In the fall of 1992 singer-songwriter Shawn Colvin released the album “Fat City.” At the time  I was living in Keene, NH where I attended Keene State College. Pretty much every track from it I played one time or another on my WKNH radio show during that time. Since then my love for Colvin continues to grow and I’ve seen seen her several times live starting in the mid 90s. In fact, I just saw her a few weeks ago in Mexico at Brandi Carlile’s Girls Just Wanna Weekend festival. Shawn Colvin’s one of the great ones. Now then…where was I?

fat city cover
Shawn Colvin’s “Fat City” album was released on October 27, 1992.
Image courtesy of Columbia Records

The time of Fat City’s release was also a time in my life that I was in the midst of trying to extract myself from a relationship (my first one at that) with an alcoholic who I was surely enabling but too afraid to walk away from. I was so very young, so very insecure and so very clueless.
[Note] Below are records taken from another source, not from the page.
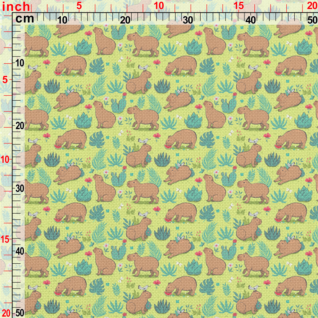 在草叢中玩耍的水豚麻布(幅寬150公分)
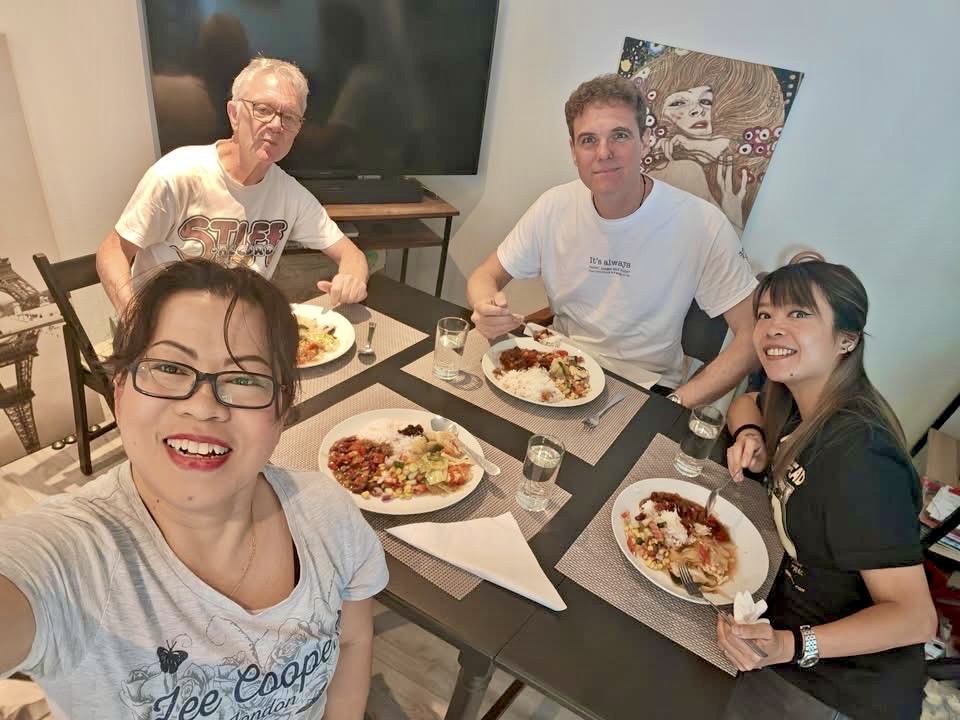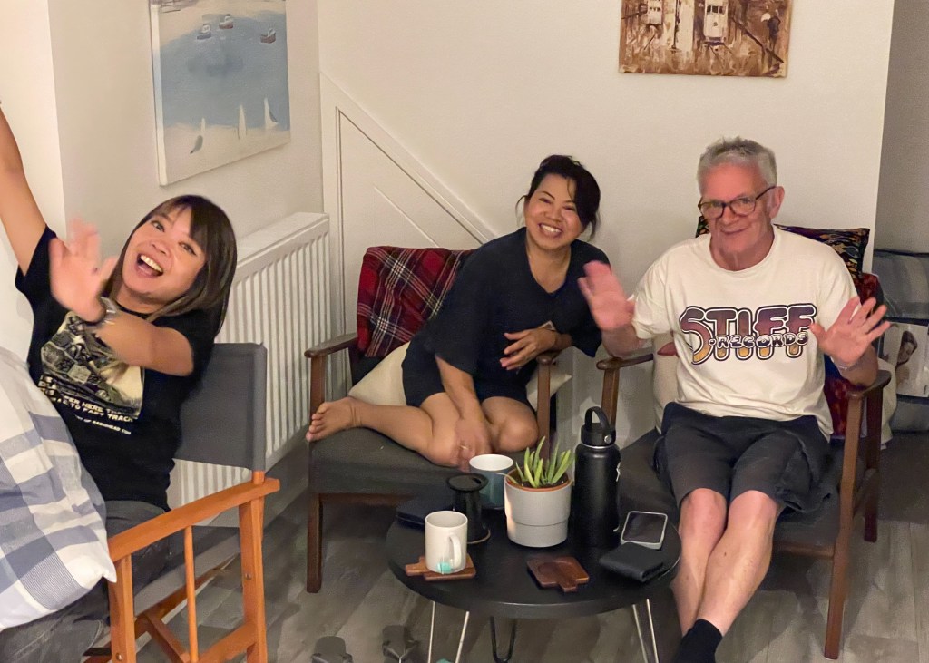 Our Airbnb doesn’t have a TV, so we balance an iPad on a chair and settle down to catch up with YouTube posts we’ve missed while staying two-and-a-half weeks with family.
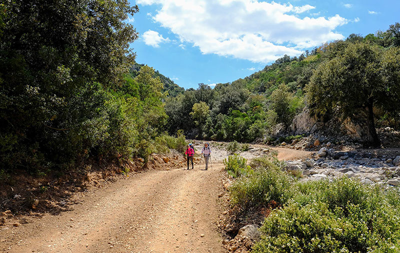 Die Warnung des Zeltplatz Personales nahmen wir ernst und deckten uns pro Person mit ca. 4 Liter Wasser ein. Für den Fall, dass wir bis zu unserem nächsten Etappenziel Cala Sisine nicht an Wasser gekommen wären, hätten wir noch genug Reserve gehabt, um am nächsten Tag die 16,5km bis zum Zeltplatz wieder zurück zu laufen. Der Weg war eine unbefestigte Straße, auf der man sonst nur mit Geländewagen fahren sollte und führte uns durch sehr trockenes, aber dennoch viel grünes Gelände. Die letzten zwei Drittel liefen wir parallel zu einem ausgetrockneten Flussbett, dessen Anblick uns jegliche Träume an frei verfügbares Trinkwasser zerplatzen ließ. Wir pausierten wieder in einer unglaublichen Felskulisse, nur dass wir diesmal nicht darauf hinab sahen, sonder hinauf und mitten darin waren.
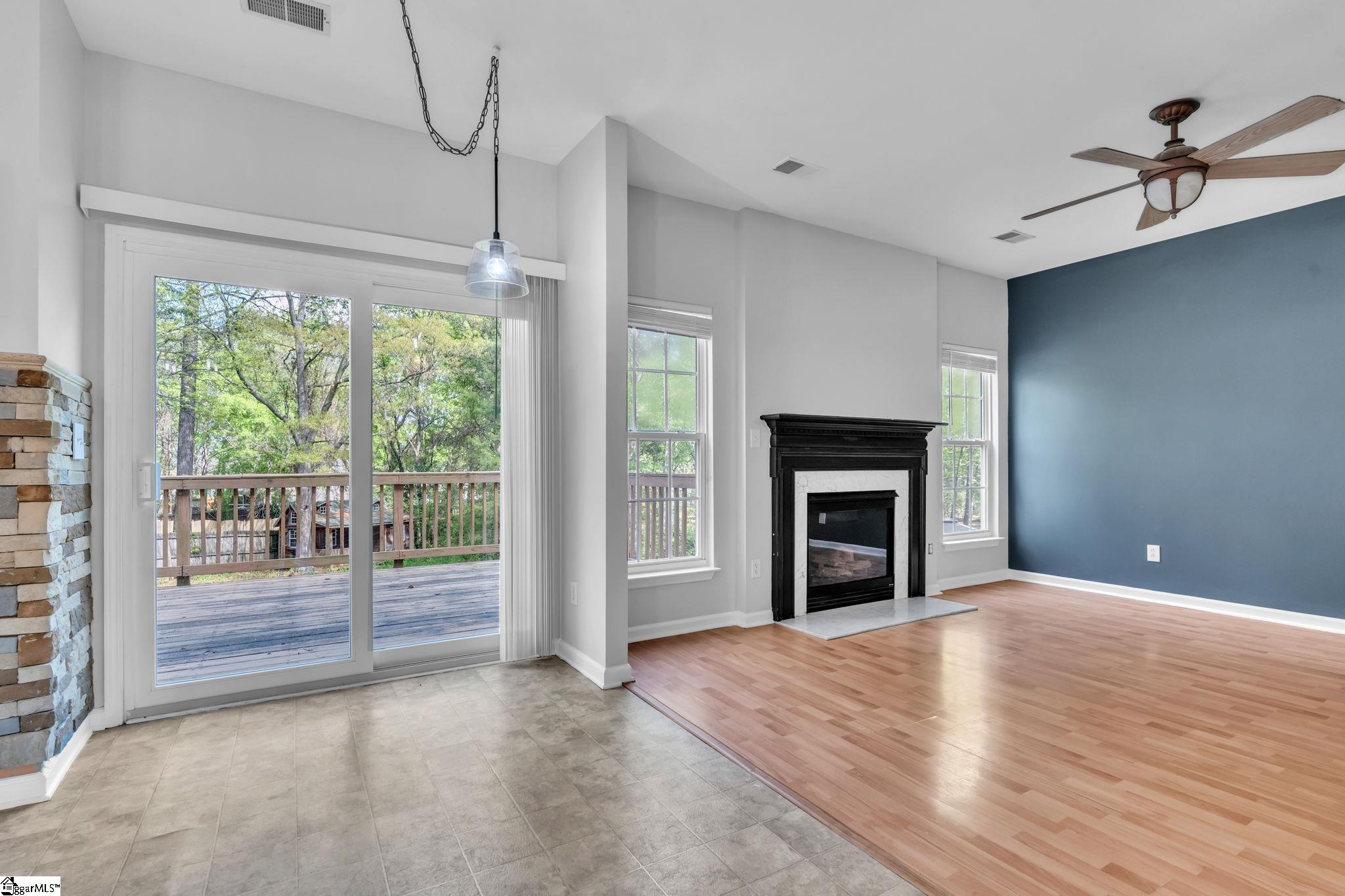 Welcome to this well-maintained 4-bedroom home tucked into a quiet cul-de-sac in the heart of Simpsonville, offering the space, privacy, and layout today’s buyers are looking for. With approximately 2,000 square feet, this home features a functional and inviting floor plan with a spacious living room centered around a fireplace and an easy flow into the kitchen and dining area. The kitchen offers ample cabinetry, stainless steel appliances, and direct access to the back deck, making it ideal for both everyday living and entertaining. Upstairs, the oversized primary suite features vaulted ceilings, abundant natural light, and a private en-suite bath. Three additional bedrooms provide flexibility for guests, a home office, or growing households. Recent improvements include brand new windows, fresh interior paint, and a new water heater, with additional opportunity for buyers to make future updates their own. Step outside to a fully fenced backyard with mature trees, offering a rare sense of privacy along with a spacious deck and fire pit area perfect for relaxing or hosting. Located in an established neighborhood just minutes from shopping, dining, and major commuter routes, this home combines convenience with a quiet, tucked-away setting.
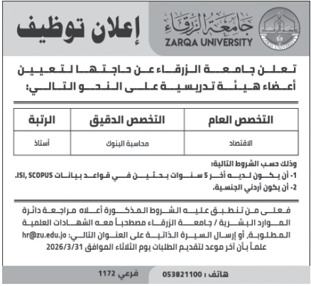 جامعة الزرقاء بحاجة لتعيين أعضاء هيئة تدريسية
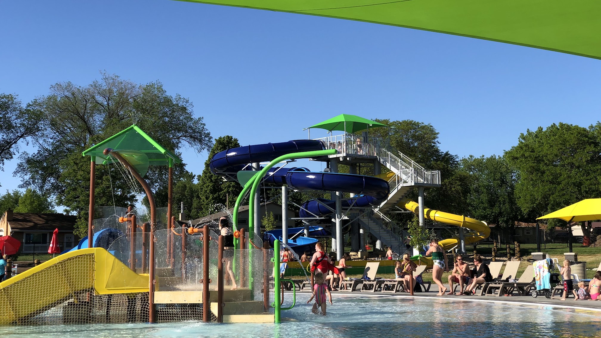 Excellent outdoor aquatic center! There is truly something for all ages so it's easy to get your money's worth. Plus, we visited the first weekend in June and the water was pleasantly warm/comfortable. As a parent, I think there is excellent visibility for you to see different sections of the water park easily. This is helpful if you have kids running in different directions. The area for little kids has zero entry, and age appropriate slides. There is quite a bit of shooting water but it's not overwhelming like some water parks. The website states that kids under 48" should wear life jackets at all times, but I didn't see this enforced. The splash pad was a hit for our kids (5) during the 10 minute break, but the water was noticeably colder. Additional areas include a lazy river, tube slide, and body slide. In the other pool, there is lap swimming, diving boards from multiple heights, rock climbing wall, lily pads, etc. I was impressed with how much seating there was distributed around the park, including some sections with shade.
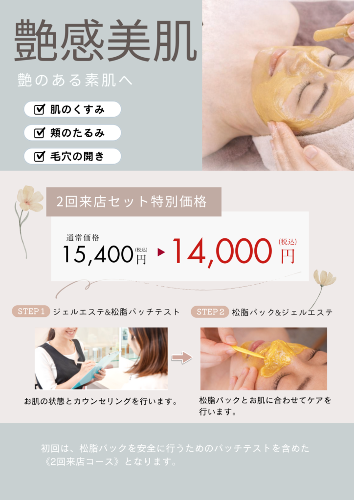 ※初回は、松脂パックを安全に行うため、パッチテストを含めた《2回来店コース》となります。
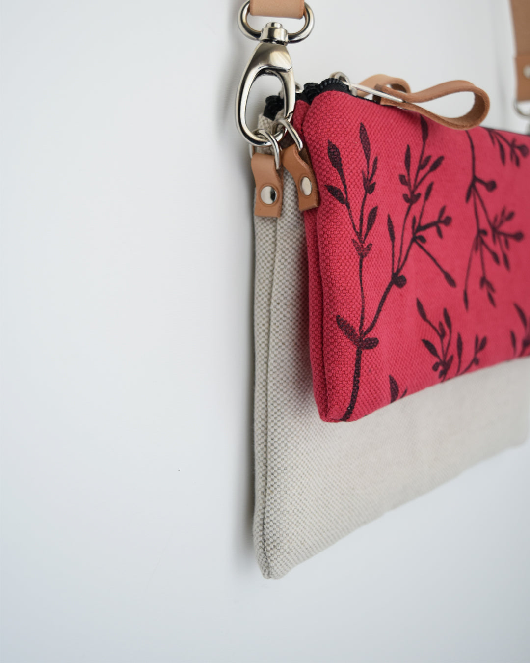 La Camelia è una tracollina doppia costituita da due pochette separate di due dimensioni diverse.
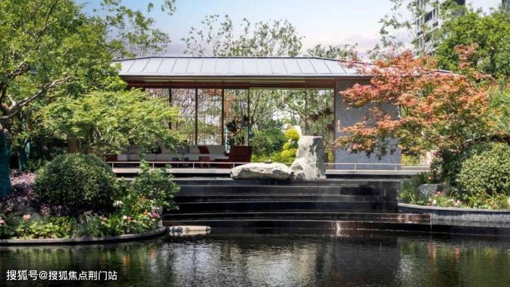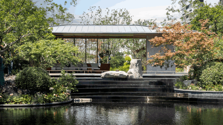 再往里走,约700方廊桥花园为伴的灵动水景,宛如某处山水幽游的绝美景点。水景对岸,装满娴静禅意的日式园亭,婉转水系环绕,无比赏心悦目。
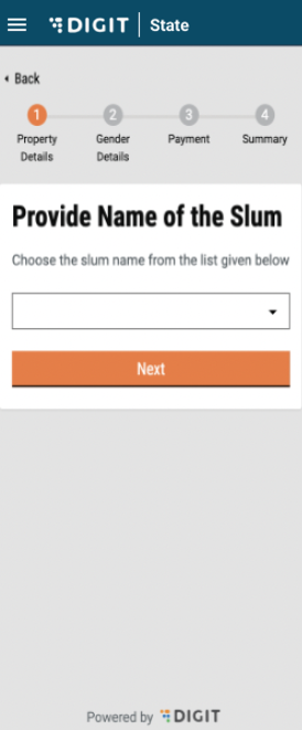 The slum name can be selected from a dropdown. The next button will only be deactivated and will be highlighted once the user has selected a slum name. On clicking ‘Next’, the user is redirected to the property address screen.&#x20;
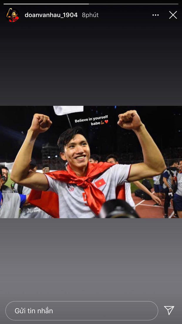 Cụ thể, nam cầu thủ đã chia sẻ 1 khoảnh khắc anh cười cực tươi tắn kèm lời nhắn nhủ "ai kia": "Belive in youseft" (Hãy tin vào chính mình). Đặc biệt, Đoàn Văn Hậu còn thêm biểu tượng trái tim và cách gọi thân mật là "babe" (em yêu).
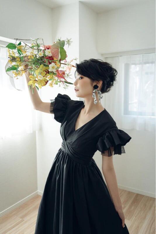 オーダーメイド可能 パーティードレス 黒 エレガント Vネック 二次会 トレーン
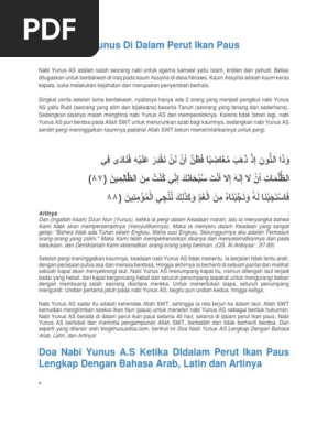 Langsung saja berikut ini teks bacaan doa nabi yunus lafadz dalam al quran ketika berada dalam perut ikan paus. Beliau terkenal akan kisahnya yang selamat dari perut ikan paus hiu. Beliau ditugaskan untuk berdakwah kepada orang assyiria di ninawa iraq yaitu suatu kaum yang keras kepala penyembah berhala dan suka melakukan kejahatan.

Mercifully, she left and  I mean really left by moving to California. We parted on good terms and a massive weight was lifted from my tattered and torn shoulders.

“Fat City” was a soundtrack to much of this and I don’t mean it in a depressing way. I just mean it was a key album in my life during those years in New Hampshire, which included as many happy times as rough ones. God I love that album. Every damn song. All 11 of them. Mad, unfettered love. And I still do. For me, it’s a perfect album.  Guests on it include Richard Thompson, Mary Chapin Carpenter, Chris Whitley, Bruce Hornsby, Bela Fleck and even Joni Mitchell who played a little percussion, among many others.

Whoops. I’m rambling. So yeah. THE TATTOO.

“Fat City” closes with the Colvin-penned balled “I Don’t Know Why” and the song has been killing me now for 27 years. There are times I can’t listen to it without crying. The song is as beautiful as a song can be about love;  something I knew absolutely nothing about back in 1992.

There’s one line that is repeated twice during the song that has resonated with me in a hugely significant way since the first time I heard it all those lifetimes ago.

And so it’s that line I got forever inked on my left arm. I came up with the idea of adding the headphones because it speaks to the fact that probably half of my life has been spent wearing them as both a music lover and music journalist.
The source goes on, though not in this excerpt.